You can also use this with other dogs (though you might want to have someone else holding the lead for this exercise). Once he understands the concept of self-control, you can take him out around other dogs. If he sees another dog and gets all bouncy and exited, it doesn't work. Once he turns and redirects his attention to you, you give him a TON of treats and praise. Have a party! Or you can decide to let him go and play with the dog. But he will learn that he needs to look to you for permission. That just because he really wants to do something doesn't mean he gets to.


----------



## Liesje (Mar 4, 2007)

> Originally Posted By: BrightelfI need a trainer who is NOT a part of the purely pawsitive 'no corrections/negative consequences' movement that is now also in Germany as well as USA. With a strongheaded, strong-bodied, drivey workinglines Czech male, there needs to be clear corrections/consequences, even in a gentle, rewards-based, motivational, positive training program.

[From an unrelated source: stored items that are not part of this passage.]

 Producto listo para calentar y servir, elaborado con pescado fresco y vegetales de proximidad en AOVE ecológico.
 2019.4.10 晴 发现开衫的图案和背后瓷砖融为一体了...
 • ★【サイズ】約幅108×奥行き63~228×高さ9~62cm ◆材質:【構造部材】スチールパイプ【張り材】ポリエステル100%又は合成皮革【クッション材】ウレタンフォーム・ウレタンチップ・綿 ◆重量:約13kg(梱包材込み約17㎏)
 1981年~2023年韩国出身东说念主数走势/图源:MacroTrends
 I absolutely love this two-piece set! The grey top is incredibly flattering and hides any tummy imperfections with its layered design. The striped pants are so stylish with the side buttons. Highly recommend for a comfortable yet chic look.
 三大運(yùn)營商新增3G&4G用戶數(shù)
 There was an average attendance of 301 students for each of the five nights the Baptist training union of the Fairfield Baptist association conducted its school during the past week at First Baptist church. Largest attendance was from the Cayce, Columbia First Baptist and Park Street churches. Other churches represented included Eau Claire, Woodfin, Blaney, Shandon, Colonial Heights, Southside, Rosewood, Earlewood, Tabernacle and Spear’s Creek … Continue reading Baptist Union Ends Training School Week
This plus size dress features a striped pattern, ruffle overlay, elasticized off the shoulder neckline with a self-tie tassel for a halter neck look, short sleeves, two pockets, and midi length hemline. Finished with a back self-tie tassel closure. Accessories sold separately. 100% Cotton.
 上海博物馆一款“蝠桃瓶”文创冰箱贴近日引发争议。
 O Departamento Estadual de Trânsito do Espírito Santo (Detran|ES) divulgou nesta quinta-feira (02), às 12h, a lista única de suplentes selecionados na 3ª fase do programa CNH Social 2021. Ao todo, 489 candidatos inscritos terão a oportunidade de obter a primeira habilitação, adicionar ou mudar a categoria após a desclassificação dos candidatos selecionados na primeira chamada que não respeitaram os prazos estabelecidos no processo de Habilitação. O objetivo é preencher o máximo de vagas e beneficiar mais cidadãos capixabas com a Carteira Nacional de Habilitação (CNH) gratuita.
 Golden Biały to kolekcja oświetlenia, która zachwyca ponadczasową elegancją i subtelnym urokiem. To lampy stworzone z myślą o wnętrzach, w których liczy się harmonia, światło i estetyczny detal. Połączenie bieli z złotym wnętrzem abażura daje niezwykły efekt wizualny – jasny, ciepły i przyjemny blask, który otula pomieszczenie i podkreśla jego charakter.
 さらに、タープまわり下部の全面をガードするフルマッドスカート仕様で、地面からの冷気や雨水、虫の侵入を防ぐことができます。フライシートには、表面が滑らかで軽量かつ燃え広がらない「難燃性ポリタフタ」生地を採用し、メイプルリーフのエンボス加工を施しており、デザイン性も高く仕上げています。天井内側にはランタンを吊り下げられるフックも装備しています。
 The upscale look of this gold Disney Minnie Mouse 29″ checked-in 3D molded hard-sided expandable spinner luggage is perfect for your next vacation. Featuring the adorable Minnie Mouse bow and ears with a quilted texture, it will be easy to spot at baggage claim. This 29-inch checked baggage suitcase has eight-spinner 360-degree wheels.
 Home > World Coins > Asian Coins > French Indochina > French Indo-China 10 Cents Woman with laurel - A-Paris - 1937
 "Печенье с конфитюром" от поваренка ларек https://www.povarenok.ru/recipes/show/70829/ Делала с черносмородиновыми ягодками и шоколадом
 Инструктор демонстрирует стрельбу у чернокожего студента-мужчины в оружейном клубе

I'm pretty middle of the road myself, however, that doesn't mean reactive, aggressive, or simply boisterous dogs cannot be "fixed" with purely positive methods. I see it ALL the time. I'm not saying you should change your methods, just saying that there is a common misconception that certain methods only work with certain dogs or certain temperaments, which is not true.

If he were mine, I'd rather go with the "all positive" group if that's what's available than no trainer/classes at all. I think classes are super important mainly for socialization and learning to control the dog (and teaching the dog to control himself). Pretty much anyone can get their dog to run through even advanced level commands and such, but there's something about working with other people and other dogs at the same time in a variety of environments that is crucial, at least for the development of my dogs. I've also found that after a 1 hour class they are more tired from all the mental work than they are after running off leash with other dogs for 1 hour.


----------



## Brightelf (Sep 5, 2001)

Liesje, just saw the pics of Coke and Kenja in the photos in your links.. how ADORABLE! Coke is another great-looking mix, like Jamie's characterful, smiley Miss Risa.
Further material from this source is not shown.